Well that's not suspicious
Along the path I found a blue stone. I passed by the first time and headed deeper still. In the next room the wall again looked suspicious, but I couldn't find a differently colored block. Attempting to go any deeper was met with a warning that it was too dark to go further. Apparently no one had figured out how to make a torch. I made my way back and took the blue block. This opened a side passage with a green jewel sitting atop an engraved stand. It looked like a trap. I took it anyway.
It was a trap
Up to that point I felt confident that the game wouldn't allow me to dead end myself. Since combat allowed me to restore with little issue, I figured the game had certain safeguards. The "press reset" was meant quite literally. I took passwords while playing, but it became apparent I would need to start from the beginning as I loaded up the game and took stock of my options. Most notably I had the severed silver head, the key in the hole, and the mystery of the second floor of Caracol to solve. First though I removed the pawl from the Ball Court entrance and noted it closed off the corridor.
Also found a use for the blue stone
The blue stone fit into the hole in the Castillo Pyramid. The room below had another gear system, but while this one had a handle there was no pawl to keep it in place. I tore off the pawl, placed it there, and used Jose's strength to turn it into place. This caused a rushing of water somewhere nearby. It was the Well of Sacrifice emptying out. With nothing else proving fruitful I headed over there and climbed down, ignoring the warnings of Jose that I needed the Akbal Jewel (the green one), crystal key (never seen this), and the mirror (the only item I had). Jose and the girl stayed behind as I climbed down.
I promptly died
I was out of ideas at that point and called it a night, hoping that I could come back with a fresh mind. I've already finished the game at this point, but I was a bit frustrated at the time. It seemed like such a short game only to get hung up on mechanics I consider bad design. Join me next time for the exciting conclusion.

Elapsed Time: 2h23m (Total Time: 2h23m)


  1. Seems like a nice little point and click/puzzler, though the over simplistic fight system ruins it for me... some strategy would be nice.

    1. It's fun, but getting stuck with no warning sucks that fun right up. The fight system is kind of meh and could have been more puzzle based or some additional strategy to make it a bit more involved.

  2. A strange foray into the console market by the IF giant, Infocom.
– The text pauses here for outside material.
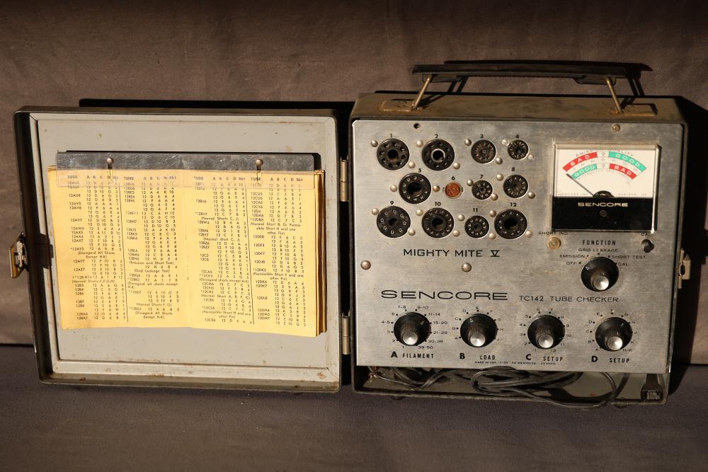 Vintage Sencore TC 142 Mighty Mite V Tube Checker. This device features a sturdy case with a handle, a variety of tube sockets, a meter for testing functionality, and controls for filament, load, and other settings. The inside lid includes a reference chart for tube testing. Pickup only.
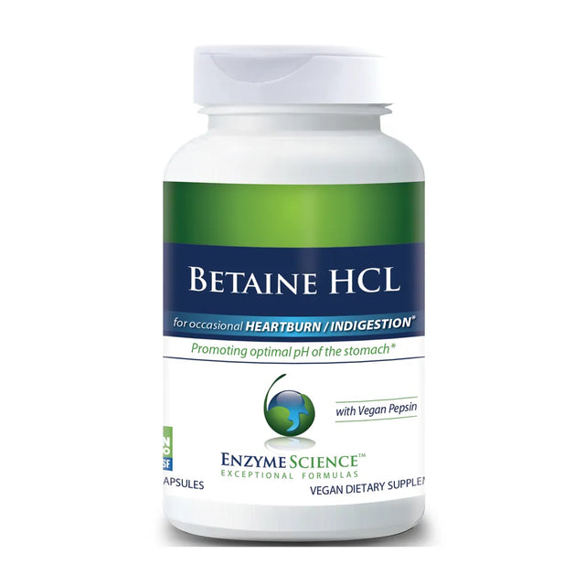 Hydrochloric acid is produced by the stomach to create an environment conducive to optimal digestion. As part of the normal aging process, the production of HCI declines, impacting protein degradation. Betaine HCI provides a combination of HCI and vegan pepsin (Acid Stable Protease) to optimize stomach conditions and maximize digestion in those with lower levels of stomach acid.

They released several non-Interactive Fiction games for the PC, but this was their only console game. With only one game, I have to wonder why they bothered to begin with. Hope for a quick infusion of cash? We'll never know.

    1. It is a bit strange to see Infocom take on the publishing, but I wouldn't be surprised if they were approached to do this since the game was an adventure title. This is about the time Infocom titles were going downhill, and they may have jumped at the opportunity to splash into the console market. I don't think the game sold all that well in the US though.